We sold about a third to half of our equipment by advertising it. Some of it here on AgTalk. That was enough to pay off any machinery debt left so no machinery debt left. It was fall and half of harvest had already been done so line of credit paid down to a dollar. So no operating debt. Still a little land debt but a guy wanted to buy a couple of farms we had bin storage and a farmstead on he would not leave me alone and we finally made a deal (and I did not really want to have to worry about maintenance, theft and repair of a farmstead twenty five miles from my house - one more potential headache gone). That was enough to take care of any land debt left (although we did keep the low note on one farm so I could continue to be a member of Farm Credit). So we are essentially out of debt pretty suddenly after 40 years of only knowing making payments and being in a significant amount of debt most of the time, including through the 80's.

Then we had the farm auction that next spring and suddenly there was a significant amount of money in the bank (and a big tax bill to match) with essentially no debt. I never felt like I was under stress during the last ten years of operation (we were basically living out our dream - we had made plans to retire at 50 but did not quite make it, LOL). But after the auction and finally done dealing with machinery dispersal and no employees to manage or think about, it was like a weight had been lifted from my shoulders. I would never have believed it because I didn't feel like I was stressed any time in the last ten years of operation, but something changed when it was all behind me. 

This long explanation is to agree with you that I have less stress. I did not feel it at the time but I must have had it because I felt it lifted when we finally got it wrapped up.

I also thrived on "the game". Nothing else I wanted to do since 5th grade. Couldn't wait to get out of high school (no way college for me) and start farming on my own. But I guess after 50+ years of it I had done it enough to satisfy me. I've had no regrets farming 50 years and I've had no regrets retiring. In fact we have been having a lot of fun since 55 when we semi-retired and continue to today.

To me there is one major key to retirement. That is having something a person can be engaged in and enjoys. What used to excite me about planting or harvesting corn no longer did. Riding a motorcycle across country or scuba diving still did. So where we semi-retired ten years before actual full retirement it was just a natural transition for me of doing more of what I was interested and less or none of what I had become less interested in.

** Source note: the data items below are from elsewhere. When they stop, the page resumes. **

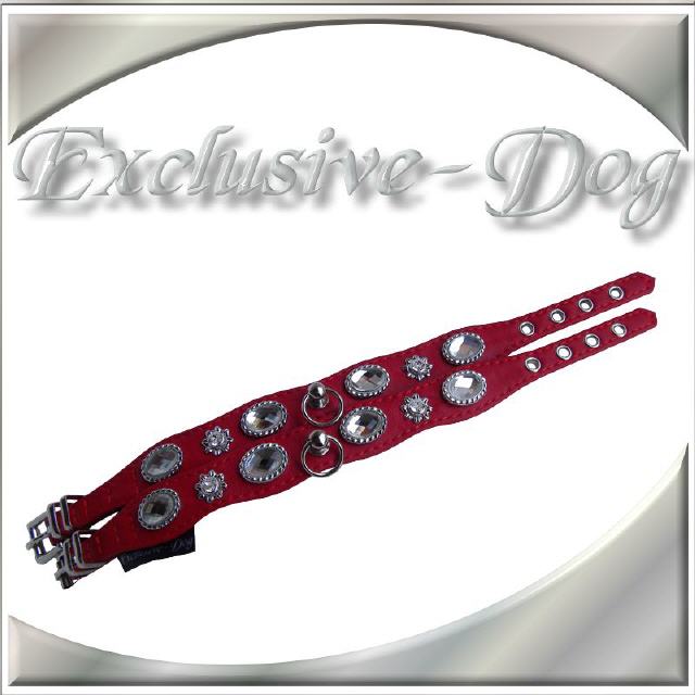 Lederhalsband XS rotes Hundehalsband Strasshalsband DOG-COLLAR für z.b. Chihuahua, Yorkshire-Terrier, Pudel
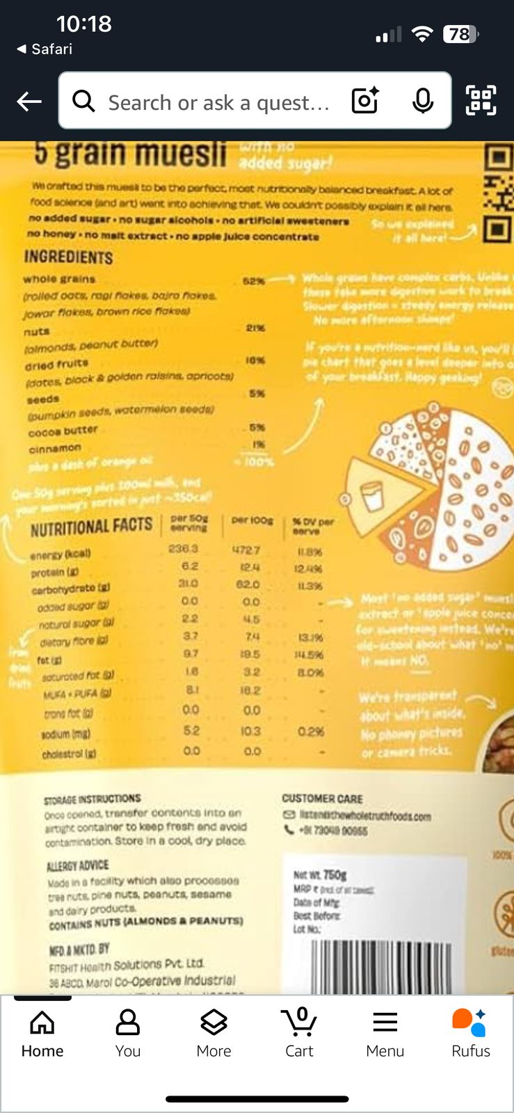 Muesli: FITSHIT Health SolutionsThis 5 Grain Muesli is a decent breakfast option, but let's break it down. It's primarily whole grains (62%), which is great for complex carbs and sustained energy. The nuts (21%) add healthy fats and protein, and the dried fruits (10%) provide some natural sweetness.
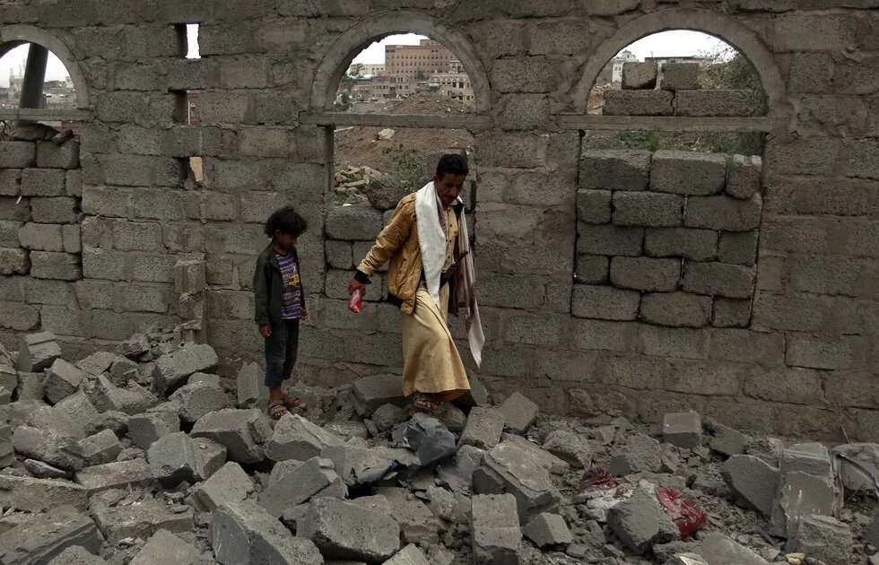 Yemenis walk in the rubble of a house in Sanaa after it was hit by a Saudi-led coalition air strike (AFP)
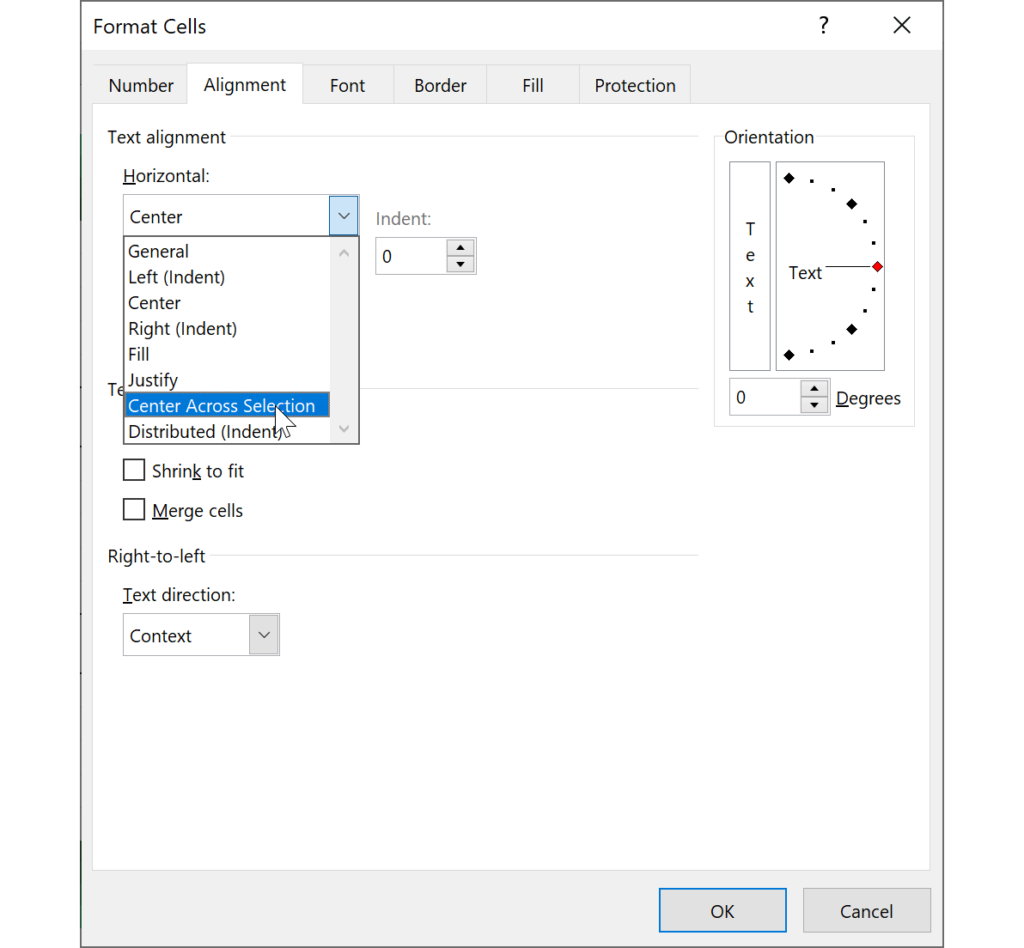 Simply select a horizontal cell range, open the Alignment Settings window from the Home tab (or press Ctrl + 1) and choose Center Across Selection from the first dropdown. Finally, press OK.
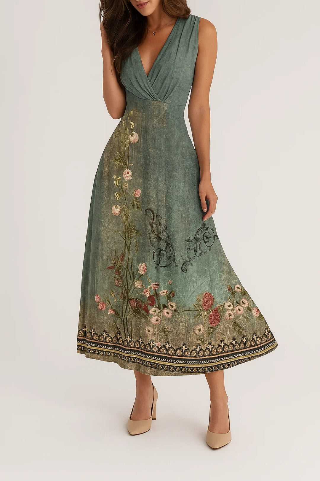 Abito lungo senza maniche con stampa floreale vintage | Scollo incrociato a V
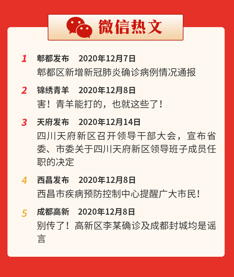 在央媒关注榜中,成都市郫都区、成华区、金牛区,甘孜州理塘县,成都市锦江区名列最受央媒关注前5名,除了因丁真而备受关注的甘孜州理塘县外,入围县区均来自成都,这与成都12月新增新冠肺炎确诊病例有关。
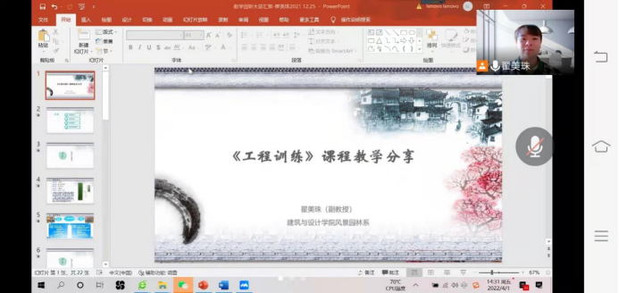 2022年4月1日,建築與設計學院風景園林系通過騰訊會議召開了線上教學研讨會。會議由翟美珠老師主持,會議主題為“《工程訓練》課程教學經驗分享”。風景園林系全體專職教師參加了會議。

I think for retirement if a person just cuts it off one day with no plans of what they are going to do with themselves in the future other than rock in a rocking chair it would be a disaster. For some guys farming at 90 IS their retirement. They are doing what they love. More power to them. The whole keys to retirement, in my opinion, are doing what a person wants and enjoys doing and being financially able to continue to do it without a financial anvil hanging over their head. That is retirement. We all have to be engaged ("work" so to speak) in retirement or we just waste away in a rocking chair. The only difference is some of us enjoy different "work" in retirement than others.

I "work" every day in retirement. I checked the catfish trap in our pond this morning and in about a half hour it will be my job to pick one of those motorcycles out of the shed, ride about 20 miles to a local diner and have my "birdy burger" for lunch (no bun of course - low carb!). And maybe take a long way journey back home. Sometimes it takes me another hundred miles just to get back home! LOL. I enjoy my "work".